But, Kevin, some of these people have legitimately bad health problems. They can’t stand because their spines are too weak or they’re diabetic. In which case, I refer to my first point. If they need it, fine. But when I’m standing in the lobby and I watch Uncle Phil saunter in through the entry doors, laughing jovially with his equally round wife and three kids, only to mount the first Mobility Scooter he can rest his twinkling black eyes on, well, it makes me a little mad. In fact, just thinking about it makes my big toe hurt.
4. Body Odor
Every year, I continually remind myself that these are people. Huge amounts of people. All trapped in a big room with minimal air conditioning and no sunlight. Things are going to smell a little musky. A little…testosterone-y. It comes with the territory, right? There are a reason stereotypes exist and there’s no denying that a certain amount of eager Comic Con attendees are basement dwelling neckbeards. It’s just how it is. The way I see it is it’s all part of the magic. Without these flavorful folks, we wouldn’t have some of the coolest cosplay costumes, or some of the greatest comic books. There wouldn’t be the really engaging panels we have if it weren’t for Mountain Dew and rage fueled fanboys.

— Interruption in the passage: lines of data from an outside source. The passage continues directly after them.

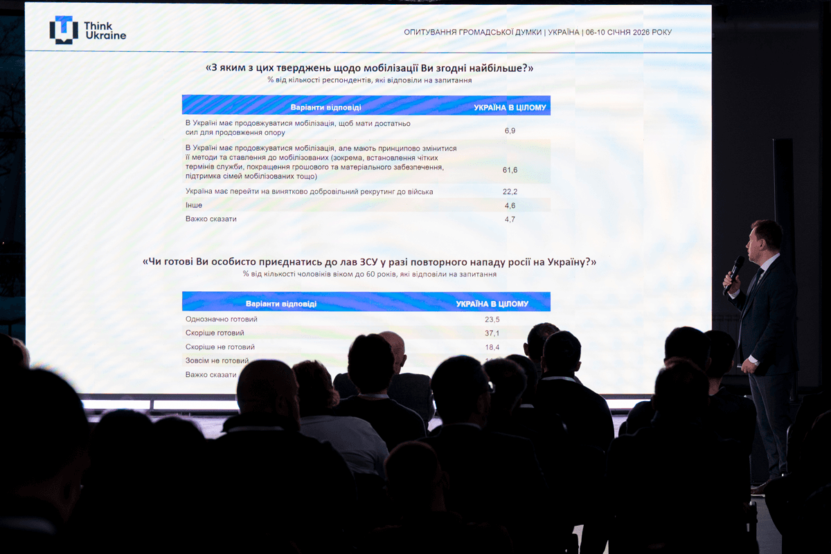 5 лютого в Києві, у просторі D12, команда експертів Think Ukraine презентувала перший етап дослідницької програми «Проєкт країни» — масштабне соціологічне дослідження «Мирна угода: загрози та виклики» з аналізом ключових настроїв та очікувань українського суспільства на початку 2026 року.
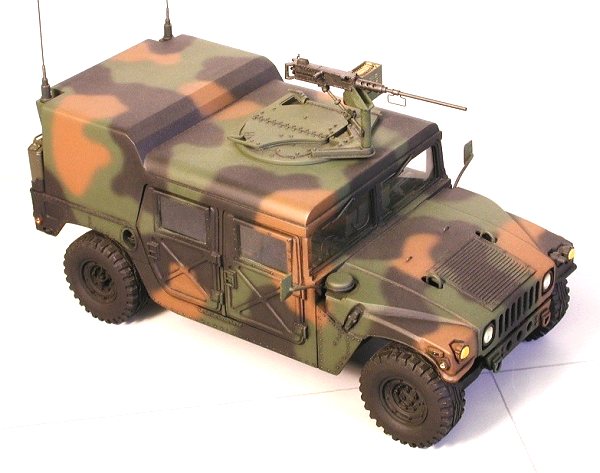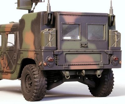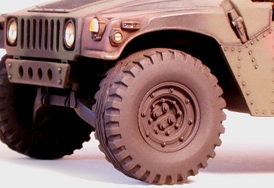 The most significant shortcoming with these models is the poorly molded wheels and tires. Comparing a kit finished with the stock parts to one supplemented with the more superior resin replacements is akin to likening a Tonka Toy with a professionally-assembled Pocher kit. No matter how skillful the detailing and finish, the model with the plastic pieces will look juvenile by comparison. Sadly, the Verlinden Humvee wheel set has been OOP for about ten years. It’s a real shame too, because the casting on the wheel hubs and tire treads was superb.
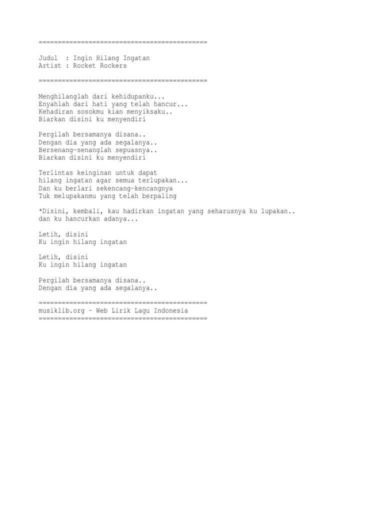 Rocket Rockers Ingin Hilang Ingatan Accoustic Karaoke Lirik Youtube Download lagu menghilanglah dari kehidupanku cover dapat kamu download secara gratis di detail menghilanglah dari kehidupanku cover mp3 dapat kamu nikmati dengan cara klik tombol.
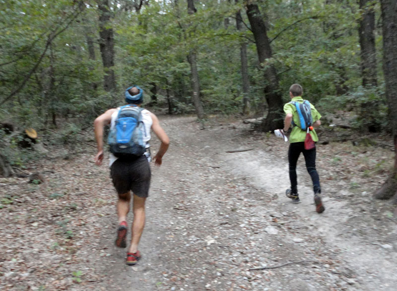 Druhá polovica trate bola väčšinou po lesoch bez výraznejších výhľadov, okolo Vtáčnika sa o kamene za tmy výborne potkýna. Ani tie rujné jelene tak nehulákali, ako keď si niekto nakopol palec. Trochu divná bola asfaltová vložka Penhýbel – Veľké Pole (K6) po hlavnej. Škoda že značka nejde vedľa, po lúčnej ceste. Dalo by sa. Stúpanie Veľké Pole - Rúbaný vrch je výživné a nekonečné a hneď na začiatku v dedine cesta ako do neba strmá. Tam (po 70. kilometri) sa už asi každý bil len za seba a kto sa dotrápil cez Vtáčnik až na Veľký Grič, na poslednú kontrolu, za odmenu ho čakal bonbónik v podobe „nádherného“ chodníka do doliny :-) Kto toto prežil, môže sa prihlásiť na maratón do amazónskeho pralesa. A keď sa pred ôsmou večer spustila prvá prehánka na tie klzké skaly a konáre a potom na hrebeň Vtáčnika sadla s tmou aj hmla, len vtedy to začalo byť zaujímavé a hore sa kufrovalo jedna radosť :-)

But here’s the thing I wish more than a few of these guys would realize: they’re in a very public place. A place filled with people who, like myself, are here to enjoy the sights, the sounds, AND the smells. The smell of new comic books, the smell of fresh plastics, the scent of excitement and adventure! But when the scent of “first day emerging from my room in a month” mixes with all the others, the experience is a tad overshadowed by something so powerful, something that could be taken care of with a quick shower and a little deodorant. Now, I understand, nobody smells like roses after seven hours of wandering and waiting in the halls. But when it’s nine in the morning and a cloud of green follows you into the lobby, there’s got to be a better way. Especially when the cloud of green engulfs those around you while standing in line for a goddamn button.